==== RECORD EXTRACTS ====

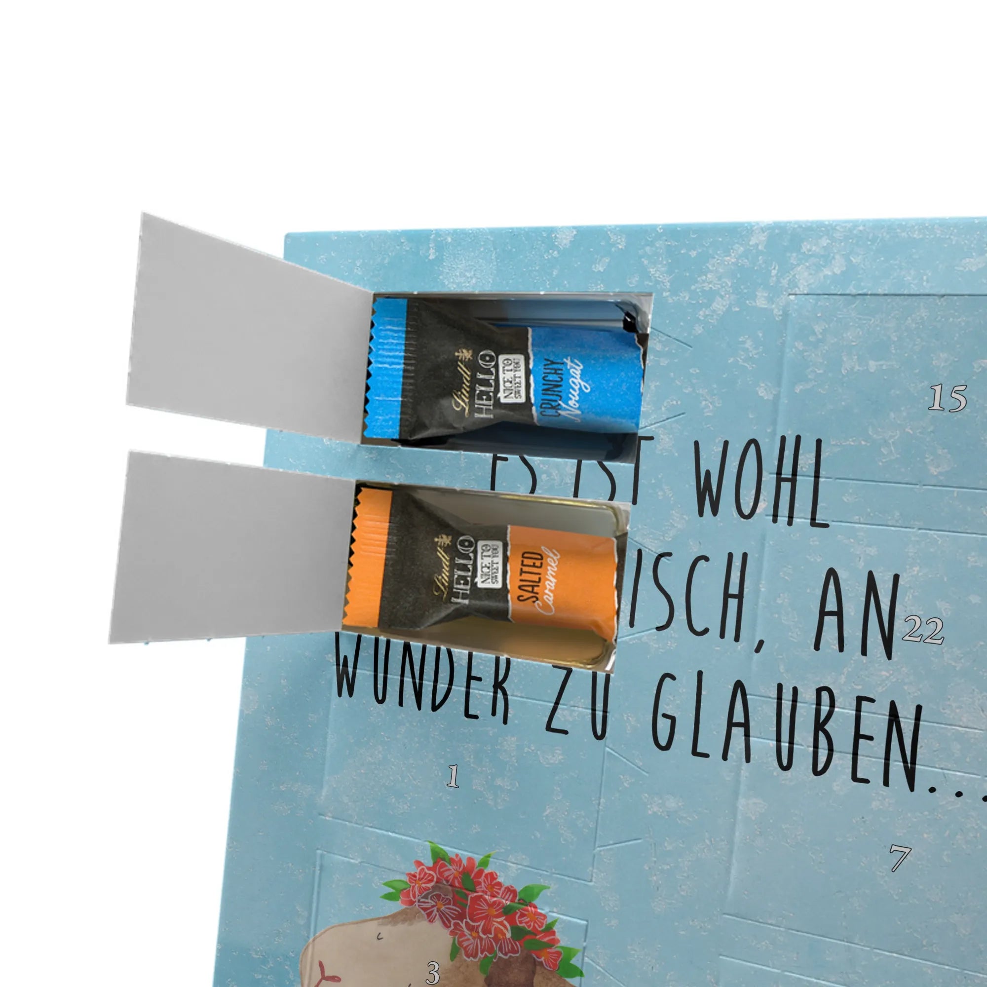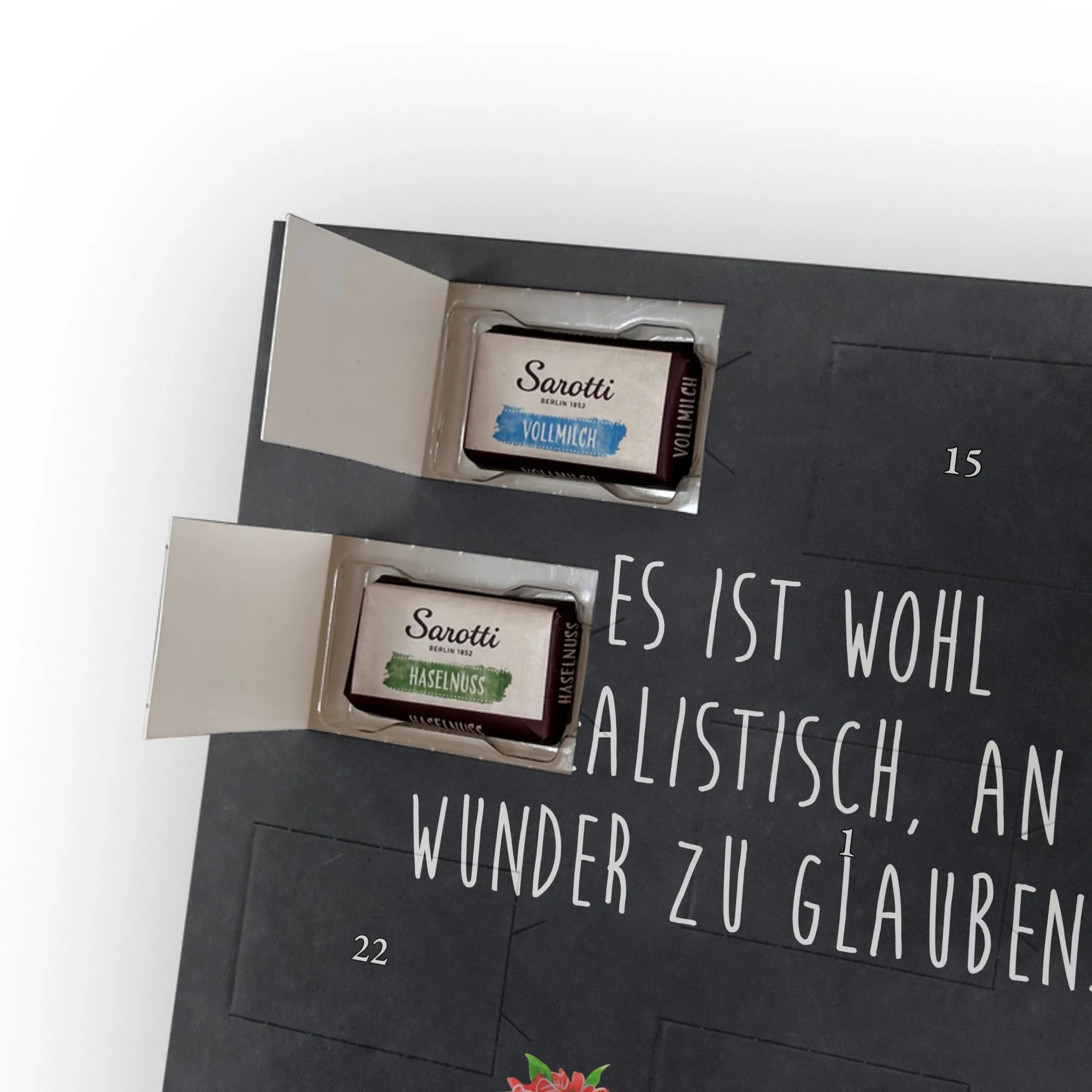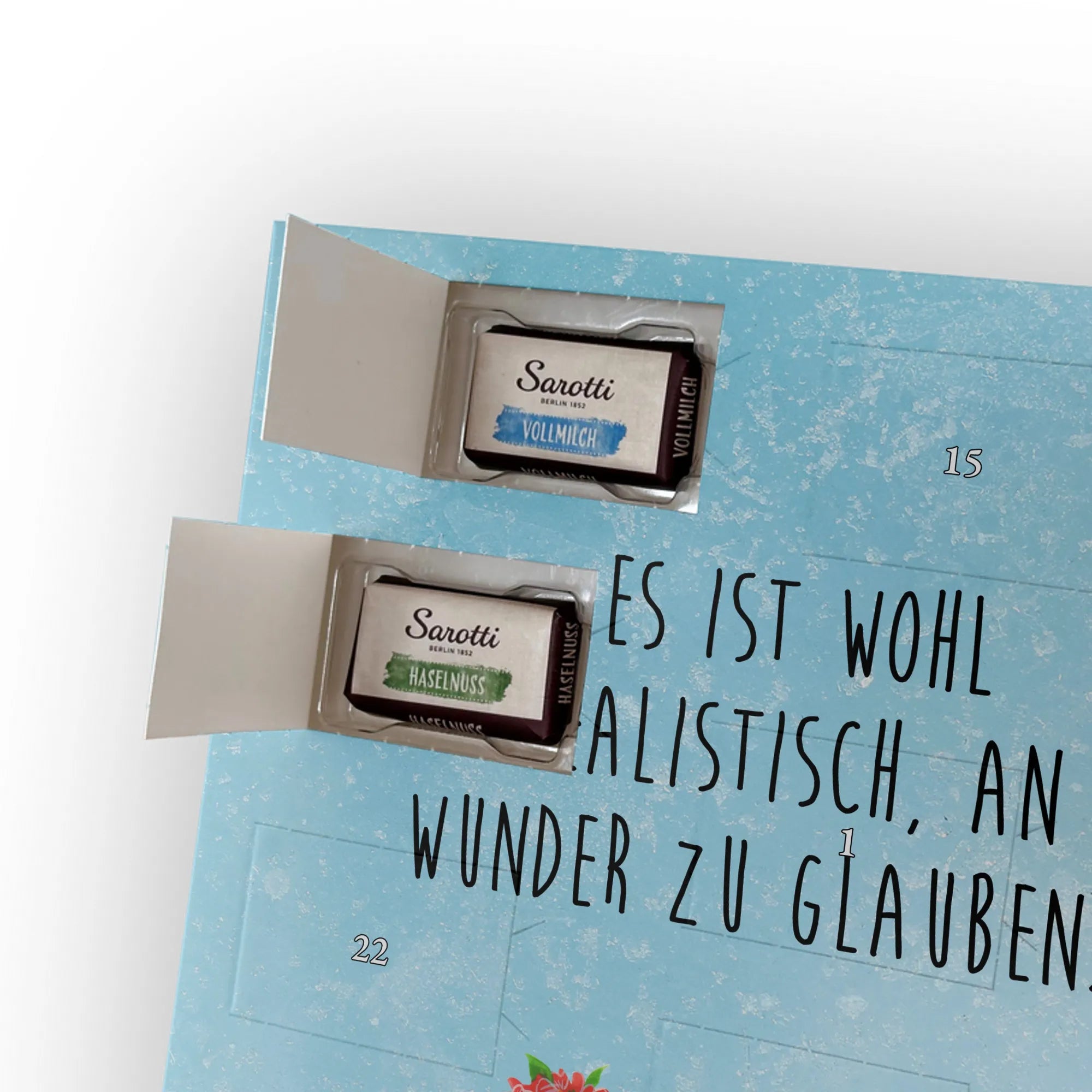 Unser Adventskalender verbindet süße Schokoladenmomente mit persönlicher Erinnerung und liebevollem Design. Das Motiv „Meerschweinchen weise“ aus der Small World-Kollektion zeigt ein nachdenkliches Meerschweinchen und den zauberhaften Spruch: „Es ist wohl realistisch, an Wunder zu glauben...“ – genau das richtige für alle, die Advent als Zeit der kleinen Wunder sehen.
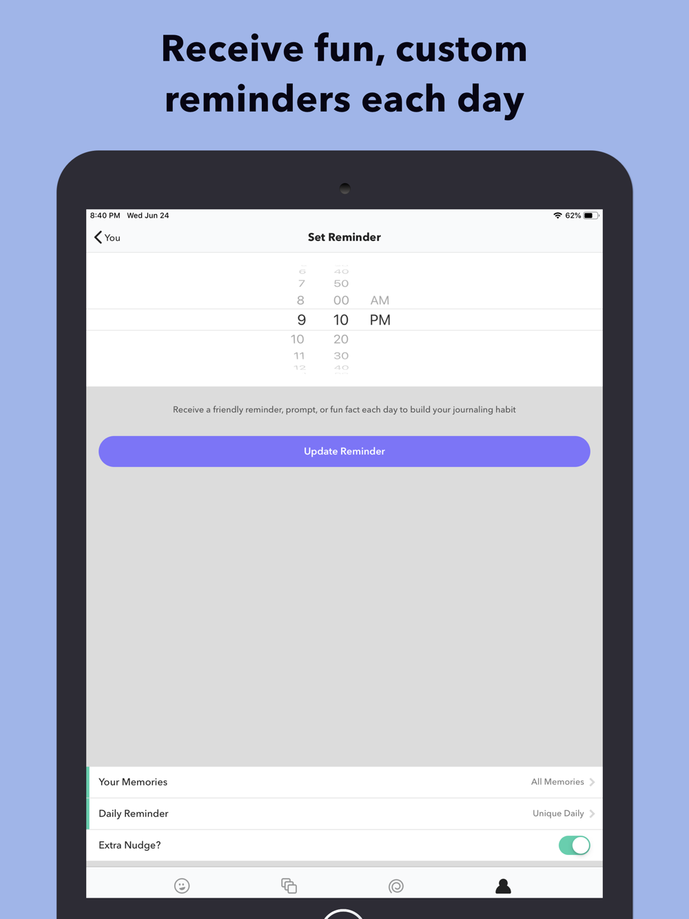 Every day we write a custom prompt to help you remember to record your feelings. It could be a quote about happiness, a fact about the day, or a joke to brighten your day and put you in a happy mood.
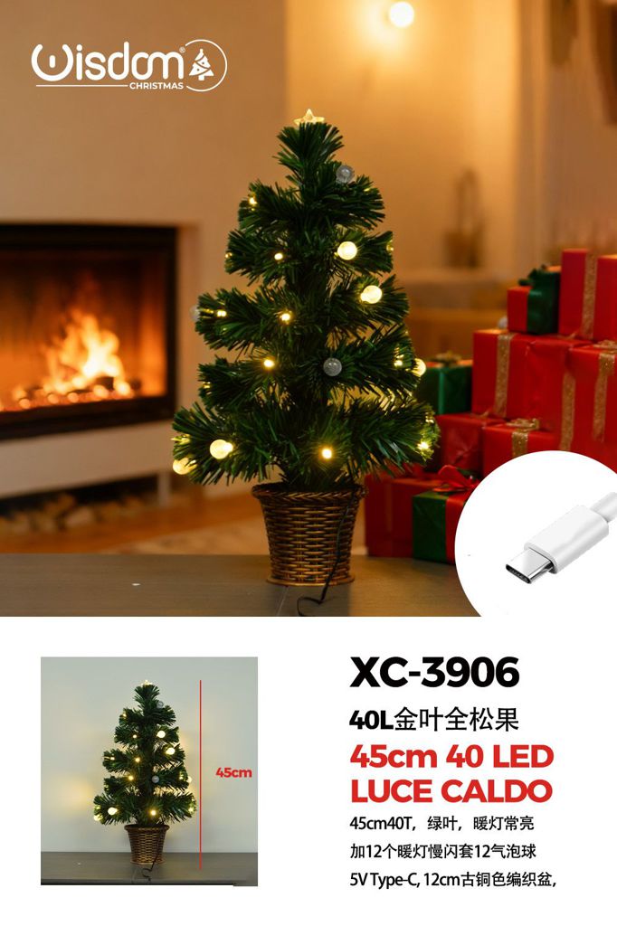 Albero fibra ottica,40 LED luce Calda , con palline luminose lampeggianti , vaso intrecciato bronzo ,45 cm, attacco USB
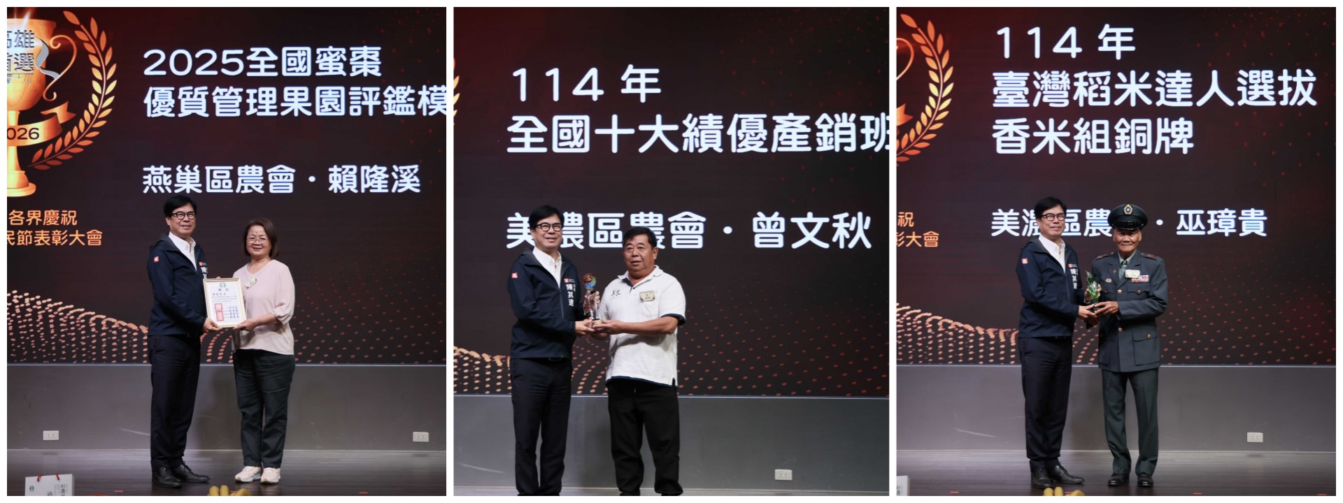 高雄市農會表示,今年表彰涵蓋優良農業團體、專業農民、農家婦女、青年農民及農業推廣教育績優人員,並新增原住民及新女力獎項,展現城市多元包容與性別平權精神,為農業發展注入更多新動能。
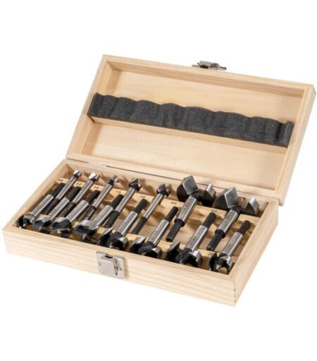 Le jeu de forets à façonner STIER rangés dans un coffret en bois, 15 pièces, est idéal pour un perçage efficace. Caractéristiques : Jeu composé de 15 forets à façonner de 10-50 mm de diamètre. Chaque foret a sa propre place dans le coffret de transport et de rangement en bois très pratique. Avec pointe de centrage précise pour un perçage exact. Foret en acier C45 trempé de haute qualité (1.0503) Diamètre de la tige 10 - 35mm : 8mm Diamètre de la tige 40 - 50mm : 9mm Tige triangulaire / à trois faces Longueur totale des forets : 89,5 - 91,5mm Dimensions de la cassette en bois (longueur x largeur x hauteur) : 277 x 148 x 62mm Application : Convient pour le bois dur et tendre, les panneaux de bois plaqués et le perçage de trous borgnes. Utilisation avec perceuse, perceuse d'établi, perceuse-visseuse sans fil et autres perceuses avec mandrin de serrage. Contenu de la Livraison : 15 x Forets à façonner STIER de diamètres 10 12 14 15 16 20 22 24 25 30 ...
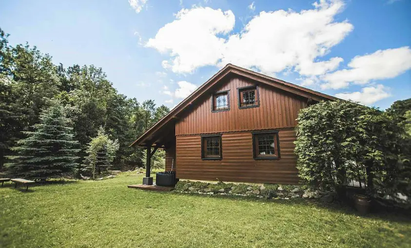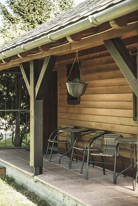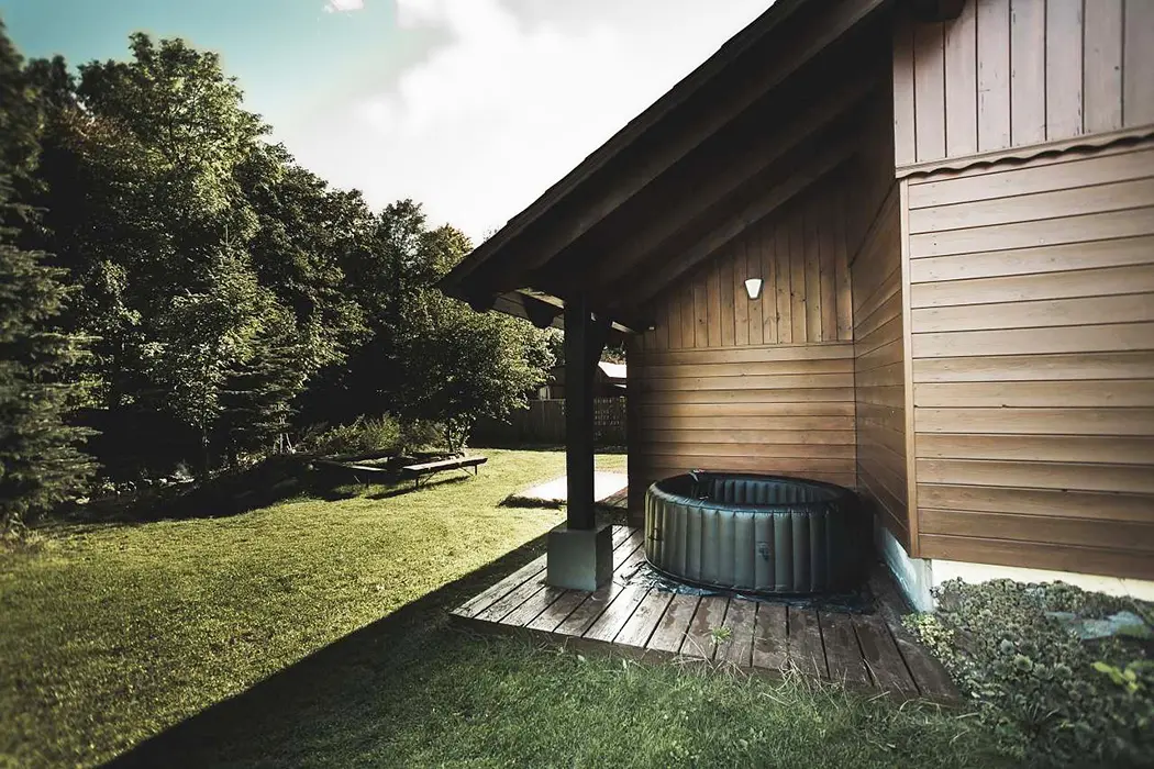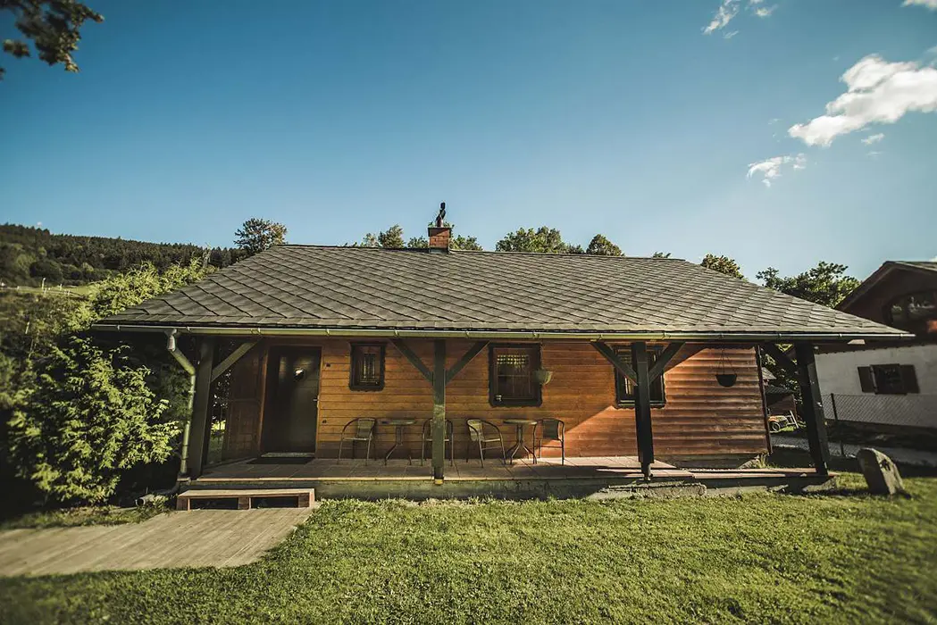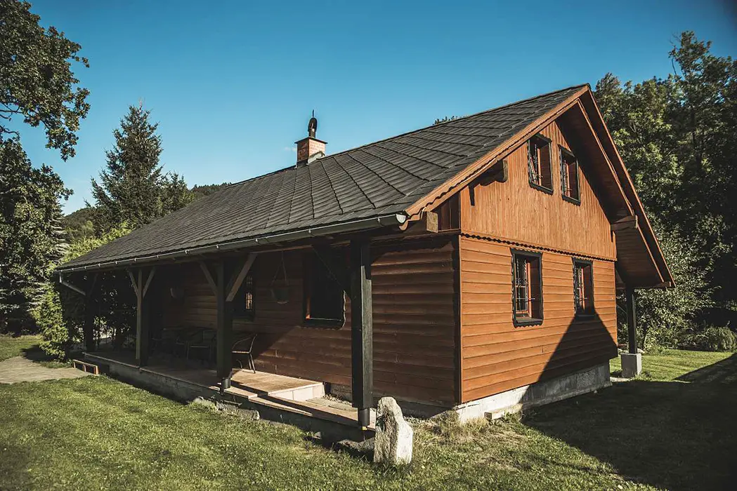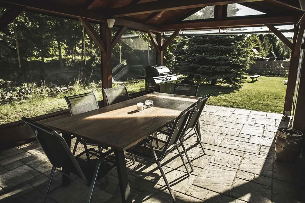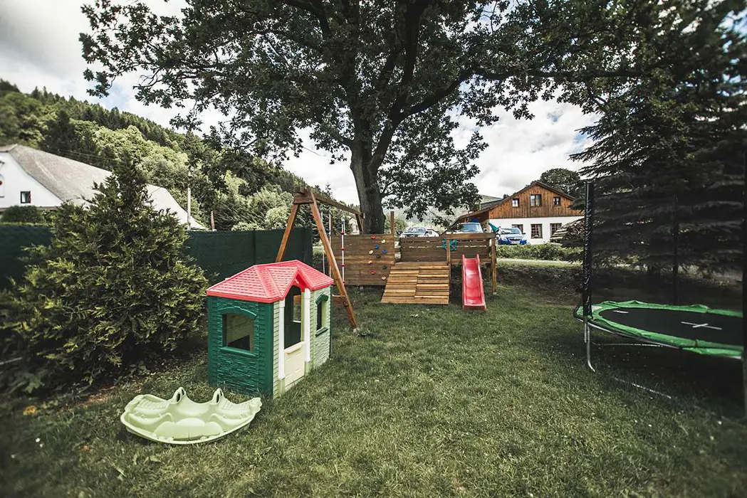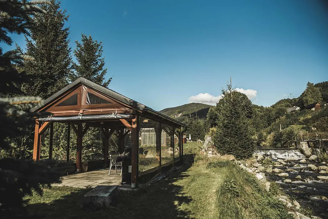 Kryté venkovní posezení, ohniště s možností grilování, řeka lemující pozemek, vířivka, trampolína, prolézačka pro děti
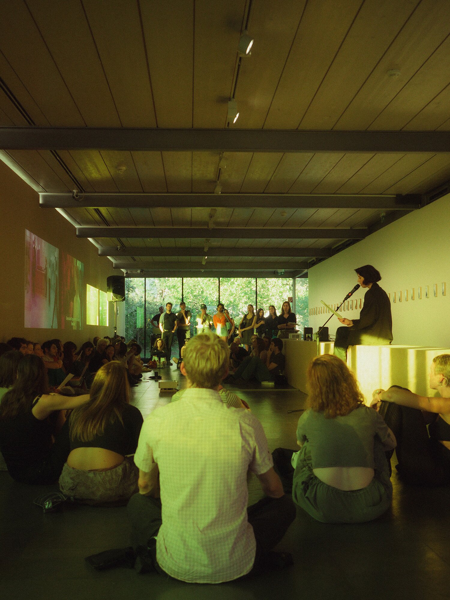 The performance unfolds across two acts, separated by a musical interlude, evoking the tonal dissonance between the literary source and its cinematic rendering. Berger takes on the role of narrator, director and performer, positioning herself in the interstitial space between text and image, original and adaptation. Through these gestures she addresses the dynamics of authorship and control: whose version is seen, whose voice is heard?
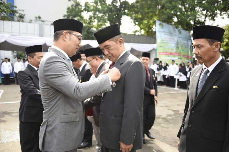 BANDUNG-Gubernur Jawa Barat, Mochamad Ridwan Kamil menghadiri upacara Hari Amal Bakti (HAB)…
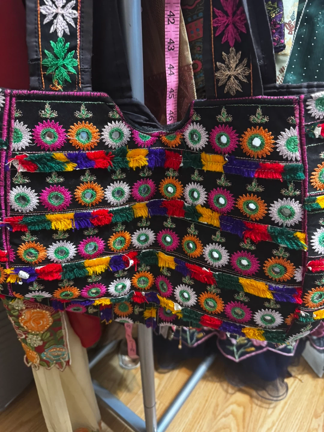 This black tote bag features vibrant, colourful embroidery with small mirror accents throughout. It has sturdy fabric handles. Its colourful, detailed design makes it a statement piece!

====

-- TASK TO CARRY OUT --
Would you reproduce each line of the material exactly, omitting the images?

-- OUTPUT --
 Unser Adventskalender verbindet süße Schokoladenmomente mit persönlicher Erinnerung und liebevollem Design. Das Motiv „Meerschweinchen weise“ aus der Small World-Kollektion zeigt ein nachdenkliches Meerschweinchen und den zauberhaften Spruch: „Es ist wohl realistisch, an Wunder zu glauben...“ – genau das richtige für alle, die Advent als Zeit der kleinen Wunder sehen.
 Every day we write a custom prompt to help you remember to record your feelings. It could be a quote about happiness, a fact about the day, or a joke to brighten your day and put you in a happy mood.
 Albero fibra ottica,40 LED luce Calda , con palline luminose lampeggianti , vaso intrecciato bronzo ,45 cm, attacco USB
 高雄市農會表示,今年表彰涵蓋優良農業團體、專業農民、農家婦女、青年農民及農業推廣教育績優人員,並新增原住民及新女力獎項,展現城市多元包容與性別平權精神,為農業發展注入更多新動能。
 Le jeu de forets à façonner STIER rangés dans un coffret en bois, 15 pièces, est idéal pour un perçage efficace. Caractéristiques : Jeu composé de 15 forets à façonner de 10-50 mm de diamètre. Chaque foret a sa propre place dans le coffret de transport et de rangement en bois très pratique. Avec pointe de centrage précise pour un perçage exact. Foret en acier C45 trempé de haute qualité (1.0503) Diamètre de la tige 10 - 35mm : 8mm Diamètre de la tige 40 - 50mm : 9mm Tige triangulaire / à trois faces Longueur totale des forets : 89,5 - 91,5mm Dimensions de la cassette en bois (longueur x largeur x hauteur) : 277 x 148 x 62mm Application : Convient pour le bois dur et tendre, les panneaux de bois plaqués et le perçage de trous borgnes. Utilisation avec perceuse, perceuse d'établi, perceuse-visseuse sans fil et autres perceuses avec mandrin de serrage. Contenu de la Livraison : 15 x Forets à façonner STIER de diamètres 10 12 14 15 16 20 22 24 25 30 ...
 Kryté venkovní posezení, ohniště s možností grilování, řeka lemující pozemek, vířivka, trampolína, prolézačka pro děti
 The performance unfolds across two acts, separated by a musical interlude, evoking the tonal dissonance between the literary source and its cinematic rendering. Berger takes on the role of narrator, director and performer, positioning herself in the interstitial space between text and image, original and adaptation. Through these gestures she addresses the dynamics of authorship and control: whose version is seen, whose voice is heard?
 BANDUNG-Gubernur Jawa Barat, Mochamad Ridwan Kamil menghadiri upacara Hari Amal Bakti (HAB)…
 This black tote bag features vibrant, colourful embroidery with small mirror accents throughout. It has sturdy fabric handles. Its colourful, detailed design makes it a statement piece!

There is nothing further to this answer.